● **Work required**: The exact lines from the start of the material below through the line holding "Dokumen Resmi: Bukti" are the answer; return those, pictures excluded.

● **Collected material**:
++++

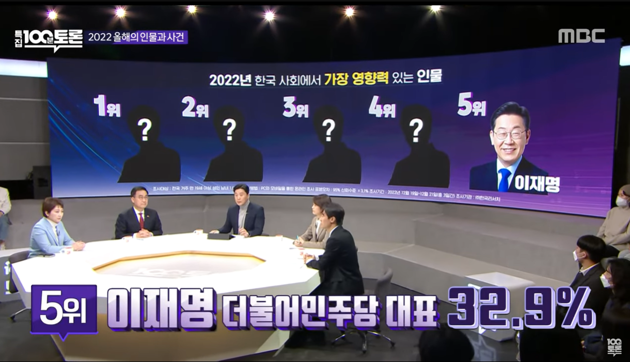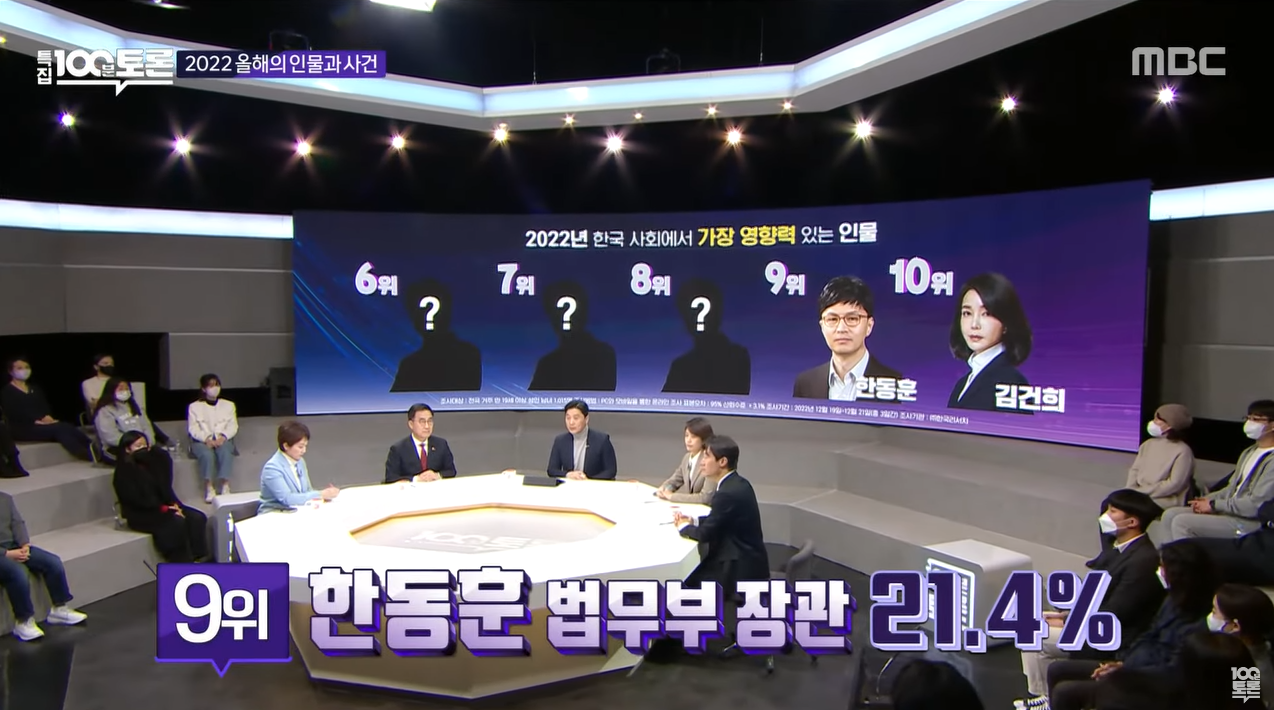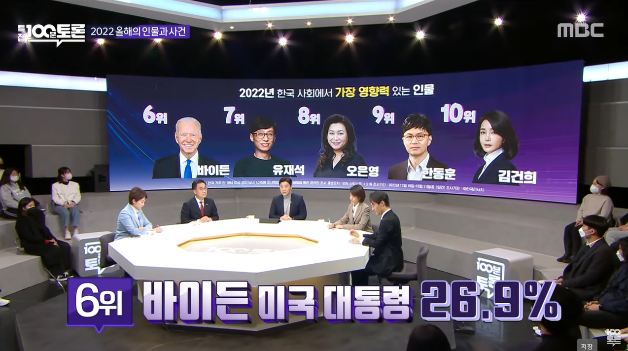 MBC100분 토론에서 올해를 대표하는 영향력 있는 인물과 사건을 발표했습니다.
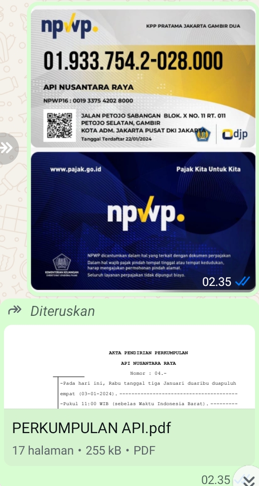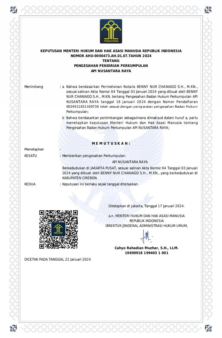 Dokumen Resmi: Bukti fisiknya adalah Akta Pendirian yang telah di notariskan dan disahkan oleh Kemenkumham, serta memiliki nomor pengesahan AHU (contoh: AHU-000…).
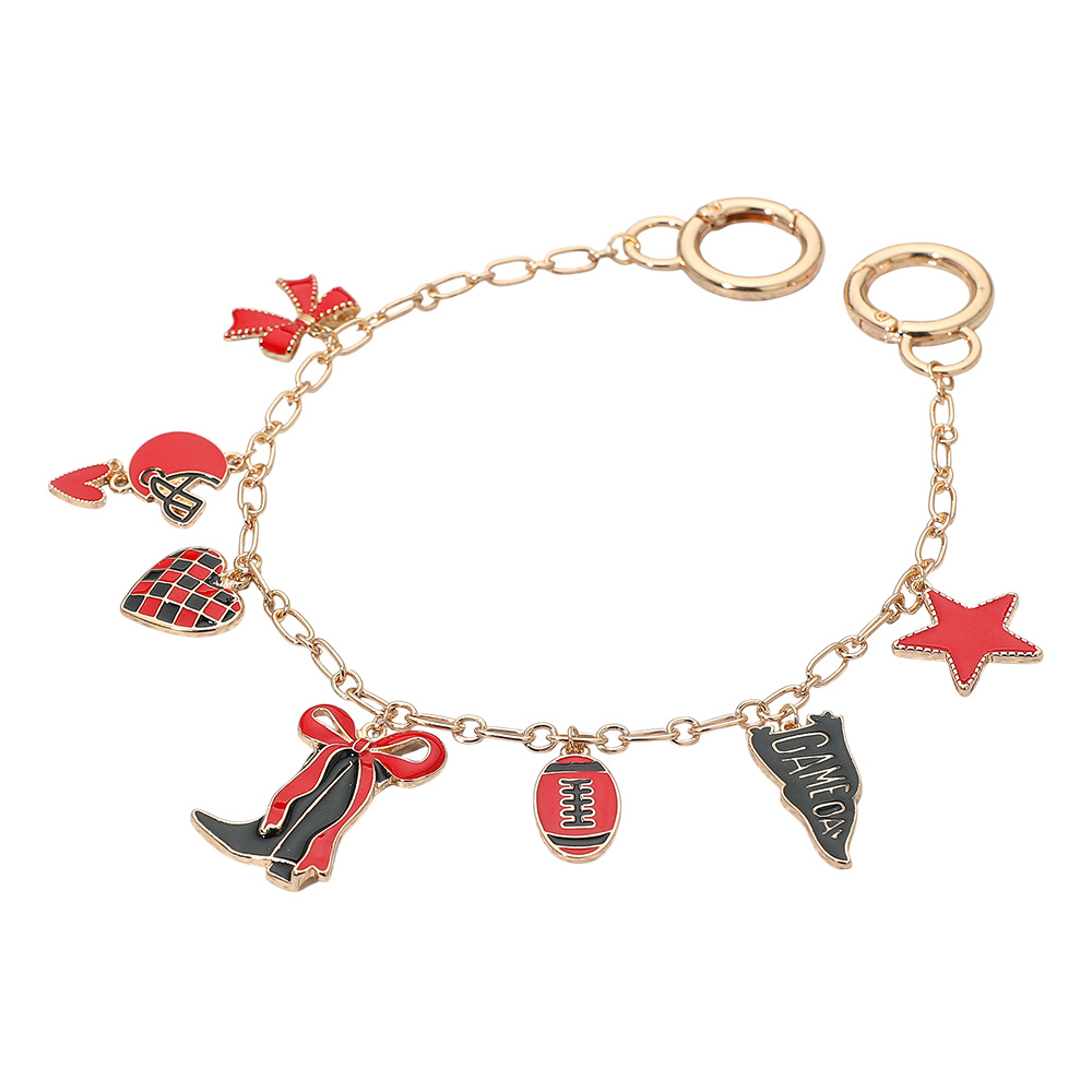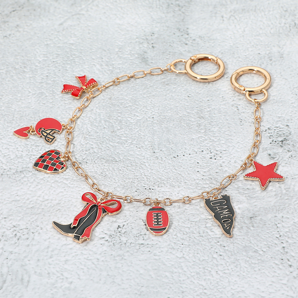 • Bag charm featuring playful gameday accents including football, helmet, boots, stars, hearts, and cheer icons. A fun accessory to show team spirit, personalize bags, and add a sporty touch to gameday outfits.

++++

● **Result of the task**:
 MBC100분 토론에서 올해를 대표하는 영향력 있는 인물과 사건을 발표했습니다.
 Dokumen Resmi: Bukti fisiknya adalah Akta Pendirian yang telah di notariskan dan disahkan oleh Kemenkumham, serta memiliki nomor pengesahan AHU (contoh: AHU-000…).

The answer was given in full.